Leveraging Git-Based Projects in Domino 5.0
By May Hu, Senior Product Manager at Domino, on February 14, 2022, in Product Updates
Domino automatically tracks all experimentation artifacts so data science work is reproducible, discoverable, and reusable – increasing Model Velocity and mitigating regulatory risk. These artifacts can be documented as part of the Domino File System (DFS), but many companies now prefer to use a centralized Git code repository (e.g. GitHub, GitLab, Bitbucket) so data science code can be integrated with the rest of the company’s CI/CD workflows to improve consistency and governance.

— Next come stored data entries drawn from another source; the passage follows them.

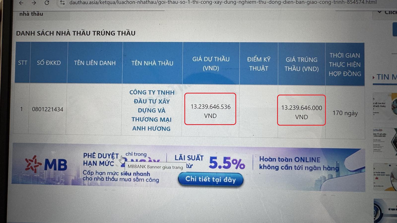 Thậm chí, tại dự án có giá hơn 13,239 tỷ đồng nhưng giá dự thầu chỉ cao hơn giá trúng thầu có 536 đồng, không khỏi khiến dư luận hoài nghi về dấu hiệu "thông thầu". Ảnh: Nam Dũng
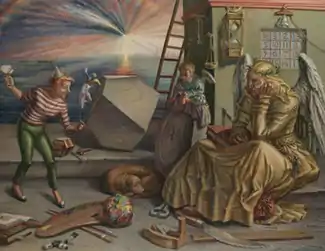 In contemporary scenes, Stanley chronicles romance, friendship, and art-world experiences; Artweek's Cathy Curtis described them as "the art world's answer to Dorothy Parker, Erma Bombeck, and Erica Jong."[54][33] In Sacred and Profane Love (1982) and All That Glitters Is Not Gold (1988),[55] women confront romantic predicaments: fighting to redirect her man's attention from a nearby nude statue, or in the latter, women's fruitless curiosity about men.[50][2] Curator Susan Landauer suggests Stanley's work often carries a "mischievous confessional irony," achieved by inserting an alter ego that reviewers describe as an ideal woman as envisioned by junior-high teen steeped in 1950s daytime television, Archie Comics and Seventeen magazine.[2][29][37] Jupiter and Io (1981) and Pygmaliana (1985) offer sexual fantasies—the alter ego cavorting with lusty gods or spirits sprung to life from mid-air or paintings—while Outside Interference (1988) shows her violently kicking in her television.[49][56][57][2] In other cases, she confronts artistic crises and scenarios: bravely wielding palette and brush to confront her own enormous, Athena-shaped shadow (A Painting of Courage, 1991),[58] solitarily smoking on a bed in Van Gogh's famed bedroom, facing male critics (Judgment of Paris, 2005),[59] or attempting to cheer up Durer’s sad-faced angel in Melancolia (after Dürer) (2012).[33][12][6]
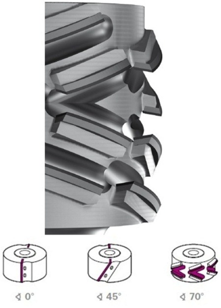 - Leuco, pour le p-System (fraise diamant pour usinage par fauchage) : La spécificité de cette fraise réside dans un angle d’axe supérieur à 55°, une première ! qui permet de faucher le bois au lieu de le racler. La dent agit ainsi comme une lame de couteau et enlève vraiment de la matière. Cette technique permet de diviser par 5 les efforts de coupe et augmente la durée de vie de l’outil. De plus, l’état de surface est nettement amélioré, sans qu’il y ait besoin de recourir à un autre traitement (ponçage, toupillage).
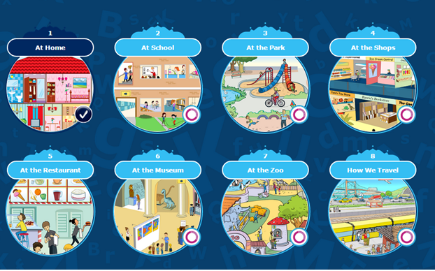 Giao diện ELC Primary – Các chủ đề rất gần gũi, thiết kế dạng hình ảnh bắt mắt.

Domino supports common Git workflows such as pulling latest content, pushing changes, browsing files and more – all from within a Domino workspace to/from the Git service provider of your choice. This Git-first experience gives users more control over the syncing and versioning of complex workflows, and makes it easy for them to engage in version-controlled, code-based collaboration with other team members.

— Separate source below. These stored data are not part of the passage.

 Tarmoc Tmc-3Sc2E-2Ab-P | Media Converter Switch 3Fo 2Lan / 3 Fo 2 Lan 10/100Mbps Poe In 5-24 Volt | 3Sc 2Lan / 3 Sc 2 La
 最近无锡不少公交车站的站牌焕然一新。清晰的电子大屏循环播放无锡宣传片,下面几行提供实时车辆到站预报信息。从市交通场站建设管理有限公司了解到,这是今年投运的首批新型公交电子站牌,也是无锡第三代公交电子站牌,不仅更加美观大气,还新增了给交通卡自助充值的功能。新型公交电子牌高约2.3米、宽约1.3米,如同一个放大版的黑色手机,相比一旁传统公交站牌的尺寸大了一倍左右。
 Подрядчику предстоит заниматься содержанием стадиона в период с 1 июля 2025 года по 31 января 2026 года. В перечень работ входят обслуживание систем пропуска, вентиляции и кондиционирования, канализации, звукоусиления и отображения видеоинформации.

Domino 5.0 improves on existing capabilities by simplifying the steps needed to switch branches, and by guiding users through a consistent process to resolve conflicts when merging code into their chosen repository (vs. manual work jumping between different environments).
Switching Branches in a Workspace
Branches allow data scientists to develop features, fix bugs, or safely experiment with new ideas in a contained area of their repository. To maximize productivity, data scientists can quickly switch branches inside their workspace for both the main code repository and any additional imported repositories.
Data scientists can easily select from up to 10 branches that are listed in the drop-down menu. If repositories have more than 10 branches, there is an option to search for additional branches.
Resolving Merge Conflicts
Merge conflicts occur when competing changes are made to lines of code or even entire files (e.g. deleting files). Failure to manage conflicts correctly can result in an organization’s repository becoming corrupt - which will require data scientists to spend time identifying the reasons for the errors in the repository.
When syncing changes in a workspace to a Git repository, or pulling the latest changes from it into a workspace, Domino first fetches the latest content from the remote branch (git fetch). Next, changes are applied on top of the updated branch (git rebase). If a conflict is detected, Domino guides users through a UI-based workflow to consistently resolve conflicts when merging code into their chosen repository.
How it Works
Switching Branches In A Workspace
- Follow this article to create a Git-based project in Domino.
- Create and launch a workspace with the desired IDE.
- Switch between branches with ease, without leaving the workspace.
Resolving Conflicts When Pulling Files
- Select “Pull” for either the main code repository or imported repository.
- If there are merge conflicts, the following warning will appear:
“Use Remote Changes” will discard changes in your workspace and overwrite files in the workspace with remote changes.
“Resolve Manually” will lead users to resolve conflicts by the filename. For each file in conflict, users can choose to one of the following options:
- “Mark as resolved” assumes that the files have been edited to resolve conflict markers.
- “Use my changes” will overwrite remote files with changes in the workspace.
- “Use origin repo changes” will discard changes in the workspace and overwrite the file with remote changes.
Resolving Conflicts When Syncing Changes
- Click “Sync” for either the main code repository or imported repository.
- If conflicts are detected, users will receive the following warning and options:
- “Force my changes” will overwrite remote files with changes in your workspace. This means that the commit history on the remote will match the commit history in your workspace.
- “Resolve Manually” will lead users to resolve conflicts by the filename.
Domino continues to help data scientists become more productive while helping organizations drive consistency and efficiency in their journey to become model-driven. Domino 5.0 allows data scientists to easily comply with enterprise-wide requirements for leveraging centralized code repositories. With the ability to easily switch between branches in a workspace, data scientists can focus on improving their code and running experiments. The new steps to manage conflicts help data scientists check in code more efficiently, and also ensure that the organization’s repository can be trusted and maintained.
Domino is the Enterprise MLOps platform that seamlessly integrates code-driven model development, deployment, and monitoring to support rapid iteration and optimal model performance so companies can be certain to achieve maximum value from their data science models.
About the Author
May Hu is a Senior Product Manager with years of experience in ML platform and cloud technologies.
She currently leads the product strategy of collaboration and automation charter for Domino Data Lab.